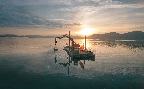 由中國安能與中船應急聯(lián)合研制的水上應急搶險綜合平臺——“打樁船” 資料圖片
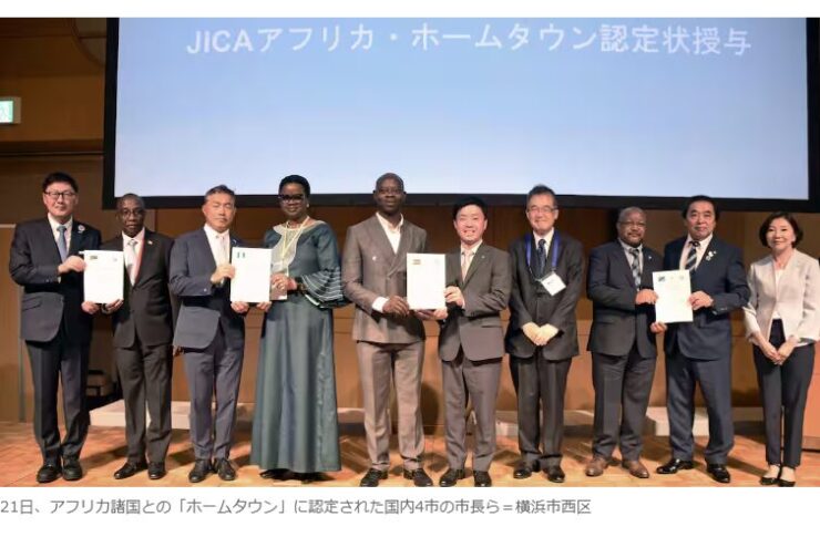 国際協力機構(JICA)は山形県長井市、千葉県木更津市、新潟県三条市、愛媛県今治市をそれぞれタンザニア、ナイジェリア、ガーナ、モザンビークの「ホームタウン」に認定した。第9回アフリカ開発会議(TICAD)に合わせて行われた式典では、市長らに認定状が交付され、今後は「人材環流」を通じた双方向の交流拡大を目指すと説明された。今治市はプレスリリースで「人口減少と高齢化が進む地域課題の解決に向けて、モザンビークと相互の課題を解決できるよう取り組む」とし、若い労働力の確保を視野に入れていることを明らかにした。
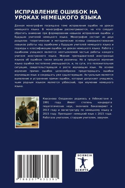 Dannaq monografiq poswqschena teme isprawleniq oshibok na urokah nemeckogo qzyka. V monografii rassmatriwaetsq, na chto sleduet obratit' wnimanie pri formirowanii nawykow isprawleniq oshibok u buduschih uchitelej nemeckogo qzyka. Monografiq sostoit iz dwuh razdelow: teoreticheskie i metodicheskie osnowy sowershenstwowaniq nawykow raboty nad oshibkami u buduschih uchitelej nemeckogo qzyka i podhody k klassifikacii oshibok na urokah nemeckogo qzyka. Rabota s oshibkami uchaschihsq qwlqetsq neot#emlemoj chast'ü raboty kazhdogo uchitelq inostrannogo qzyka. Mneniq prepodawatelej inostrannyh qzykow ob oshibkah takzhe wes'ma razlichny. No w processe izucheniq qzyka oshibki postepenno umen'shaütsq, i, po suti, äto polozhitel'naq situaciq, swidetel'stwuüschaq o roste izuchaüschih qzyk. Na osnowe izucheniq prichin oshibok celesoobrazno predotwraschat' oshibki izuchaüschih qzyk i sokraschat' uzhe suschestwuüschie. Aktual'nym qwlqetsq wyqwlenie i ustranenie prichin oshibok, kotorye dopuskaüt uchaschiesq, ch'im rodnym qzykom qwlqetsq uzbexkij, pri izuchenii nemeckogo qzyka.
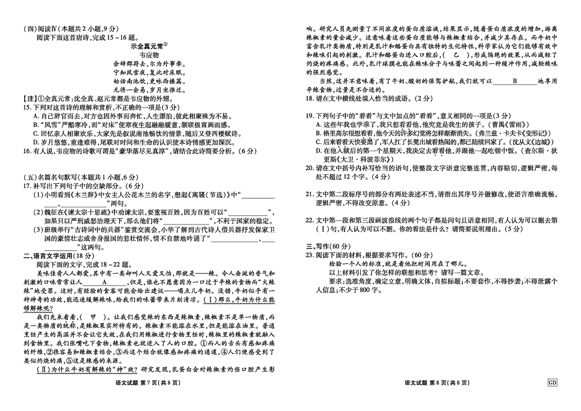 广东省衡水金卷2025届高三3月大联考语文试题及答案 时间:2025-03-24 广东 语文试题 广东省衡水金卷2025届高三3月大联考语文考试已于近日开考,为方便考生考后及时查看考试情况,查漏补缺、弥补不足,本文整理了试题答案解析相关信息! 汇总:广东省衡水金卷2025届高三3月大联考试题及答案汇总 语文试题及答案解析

• _DIRECTIONS_:
Retype each line of the data exactly, beginning with the first; include the line containing "国際協力機構(JICA)は山" and stop there, skipping every picture.

• _WRITTEN REPLY_:
 由中國安能與中船應急聯(lián)合研制的水上應急搶險綜合平臺——“打樁船” 資料圖片
 国際協力機構(JICA)は山形県長井市、千葉県木更津市、新潟県三条市、愛媛県今治市をそれぞれタンザニア、ナイジェリア、ガーナ、モザンビークの「ホームタウン」に認定した。第9回アフリカ開発会議(TICAD)に合わせて行われた式典では、市長らに認定状が交付され、今後は「人材環流」を通じた双方向の交流拡大を目指すと説明された。今治市はプレスリリースで「人口減少と高齢化が進む地域課題の解決に向けて、モザンビークと相互の課題を解決できるよう取り組む」とし、若い労働力の確保を視野に入れていることを明らかにした。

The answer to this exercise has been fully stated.